Items from a data source:

=-=-=-=-=

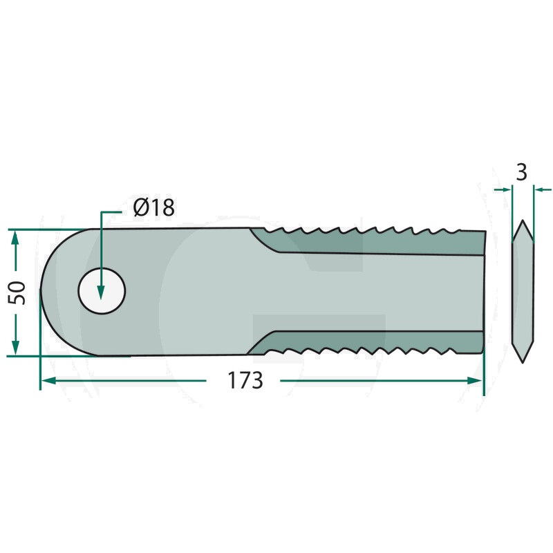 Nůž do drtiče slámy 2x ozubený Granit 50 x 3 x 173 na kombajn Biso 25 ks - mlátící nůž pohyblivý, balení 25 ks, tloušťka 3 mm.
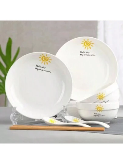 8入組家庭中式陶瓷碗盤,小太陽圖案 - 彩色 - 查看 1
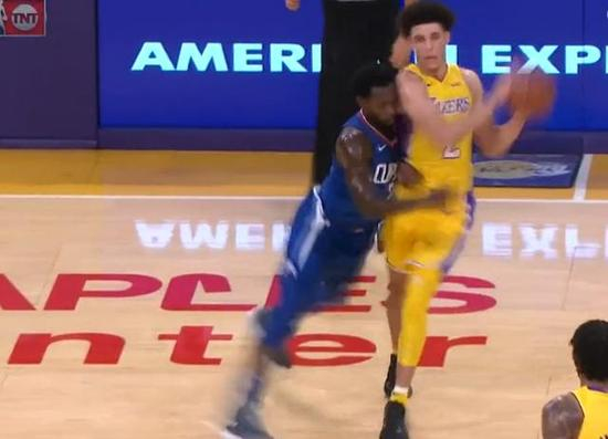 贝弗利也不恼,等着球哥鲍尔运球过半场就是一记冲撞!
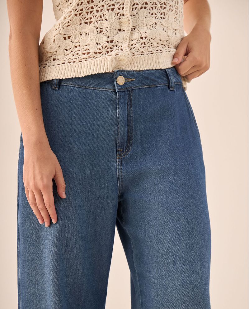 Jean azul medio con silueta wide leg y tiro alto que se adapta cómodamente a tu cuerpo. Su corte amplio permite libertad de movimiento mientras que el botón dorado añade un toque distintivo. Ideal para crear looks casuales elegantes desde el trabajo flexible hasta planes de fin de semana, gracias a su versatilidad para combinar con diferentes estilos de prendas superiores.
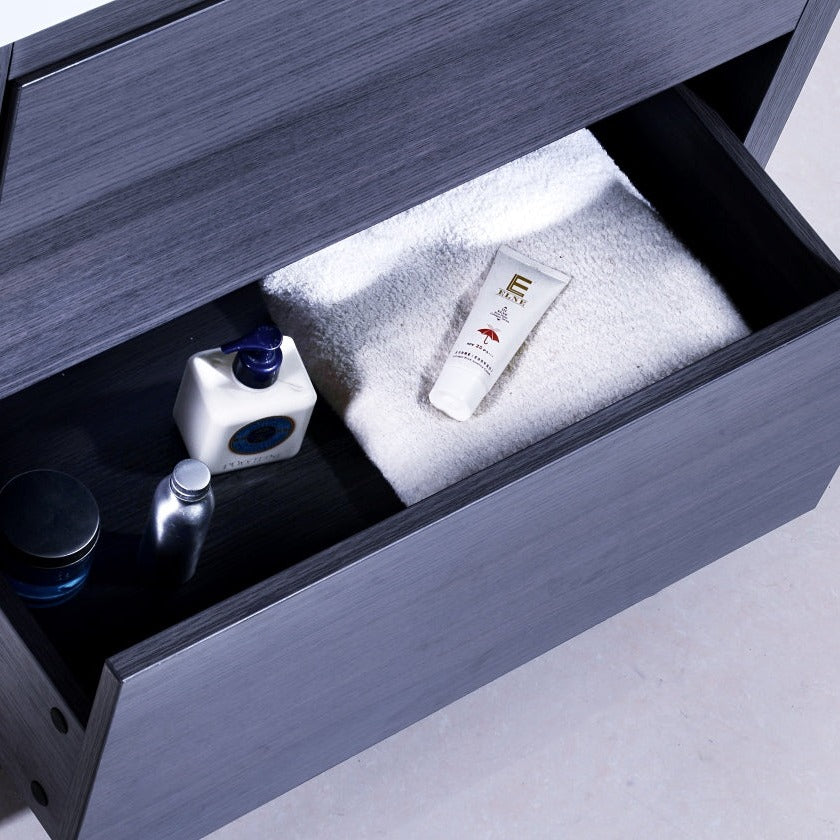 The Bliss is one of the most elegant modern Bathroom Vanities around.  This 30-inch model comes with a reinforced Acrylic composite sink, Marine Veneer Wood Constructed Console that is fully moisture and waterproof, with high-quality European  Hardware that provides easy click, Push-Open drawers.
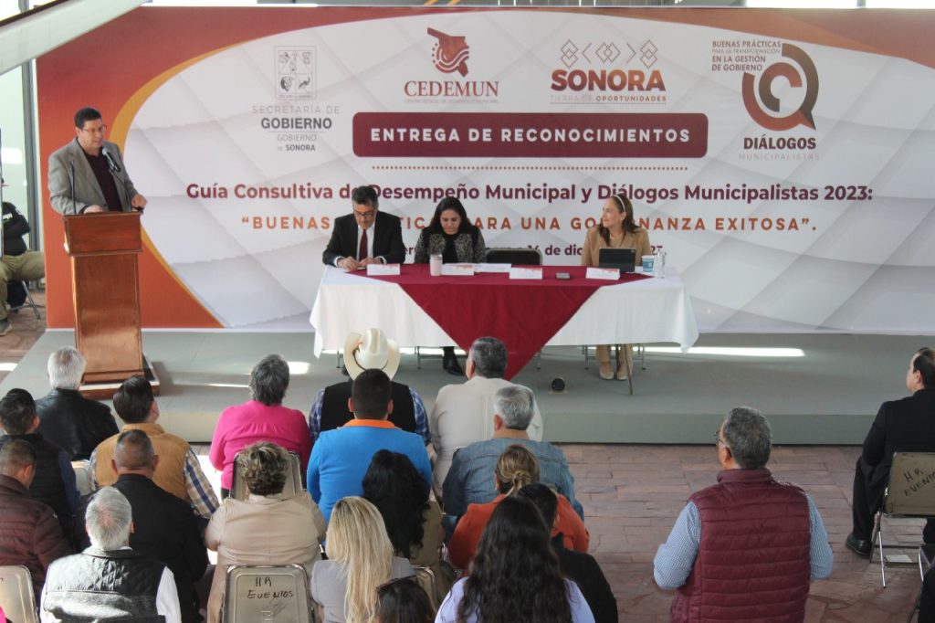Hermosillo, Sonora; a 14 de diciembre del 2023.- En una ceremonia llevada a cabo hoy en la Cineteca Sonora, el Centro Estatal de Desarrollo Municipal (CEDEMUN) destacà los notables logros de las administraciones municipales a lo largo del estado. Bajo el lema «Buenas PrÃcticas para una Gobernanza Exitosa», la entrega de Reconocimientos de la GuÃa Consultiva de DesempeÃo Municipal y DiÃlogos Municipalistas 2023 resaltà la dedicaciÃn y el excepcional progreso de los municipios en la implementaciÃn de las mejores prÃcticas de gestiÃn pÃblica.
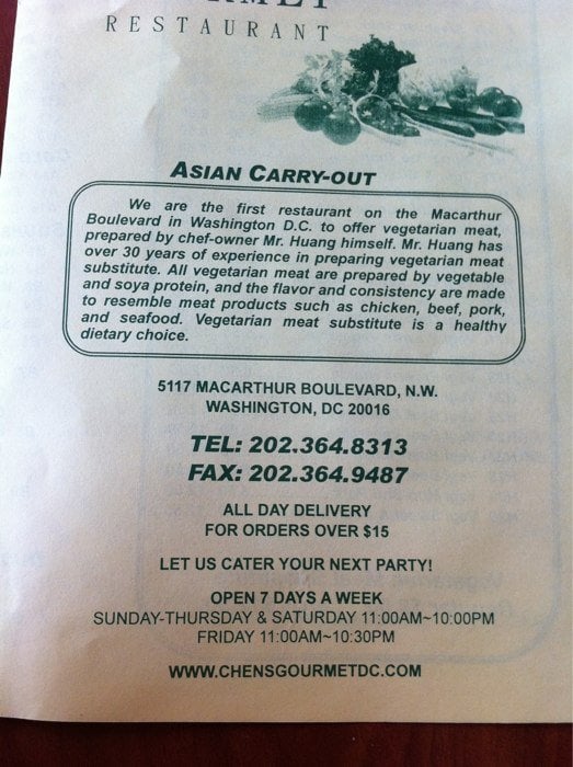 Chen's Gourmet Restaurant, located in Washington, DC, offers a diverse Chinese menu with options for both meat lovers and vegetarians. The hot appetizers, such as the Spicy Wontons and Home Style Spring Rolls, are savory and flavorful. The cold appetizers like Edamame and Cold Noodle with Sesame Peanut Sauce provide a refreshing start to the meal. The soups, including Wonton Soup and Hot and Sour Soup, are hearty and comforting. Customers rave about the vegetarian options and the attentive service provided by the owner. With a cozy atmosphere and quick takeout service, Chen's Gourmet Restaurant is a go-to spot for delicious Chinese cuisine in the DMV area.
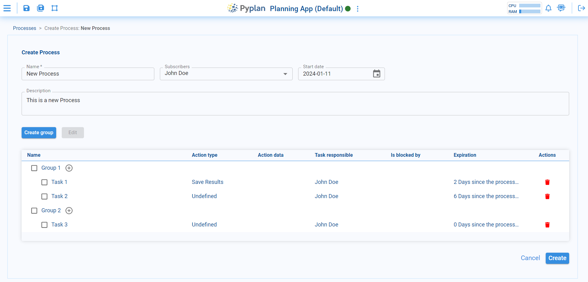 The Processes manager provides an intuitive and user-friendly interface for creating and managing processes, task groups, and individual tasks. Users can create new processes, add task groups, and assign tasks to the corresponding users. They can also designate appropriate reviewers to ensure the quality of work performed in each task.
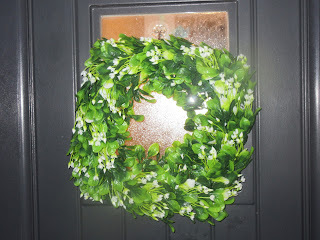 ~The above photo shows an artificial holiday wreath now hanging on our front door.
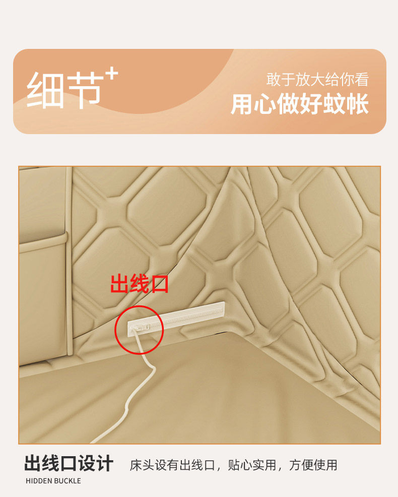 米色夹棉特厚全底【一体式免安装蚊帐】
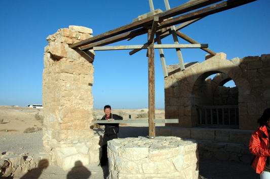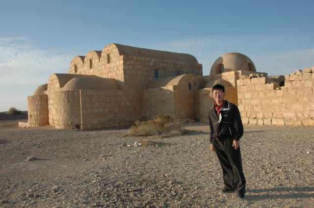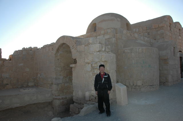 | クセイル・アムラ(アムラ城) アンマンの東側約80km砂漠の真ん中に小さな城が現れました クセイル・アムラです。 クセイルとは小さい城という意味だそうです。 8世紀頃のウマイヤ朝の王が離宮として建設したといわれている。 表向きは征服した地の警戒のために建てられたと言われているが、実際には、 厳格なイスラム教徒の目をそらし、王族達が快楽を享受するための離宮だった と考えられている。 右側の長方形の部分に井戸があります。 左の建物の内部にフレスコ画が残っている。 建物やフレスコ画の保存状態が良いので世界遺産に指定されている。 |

=-=-=-=-=

**THE PROBLEM**
Return exactly the lines of the data, beginning with the first and ending with the line containing "Jean azul medio". Skip the pictures.

**WRITTEN SOLUTION**
 Nůž do drtiče slámy 2x ozubený Granit 50 x 3 x 173 na kombajn Biso 25 ks - mlátící nůž pohyblivý, balení 25 ks, tloušťka 3 mm.
 8入組家庭中式陶瓷碗盤,小太陽圖案 - 彩色 - 查看 1
 贝弗利也不恼,等着球哥鲍尔运球过半场就是一记冲撞!
 Jean azul medio con silueta wide leg y tiro alto que se adapta cómodamente a tu cuerpo. Su corte amplio permite libertad de movimiento mientras que el botón dorado añade un toque distintivo. Ideal para crear looks casuales elegantes desde el trabajo flexible hasta planes de fin de semana, gracias a su versatilidad para combinar con diferentes estilos de prendas superiores.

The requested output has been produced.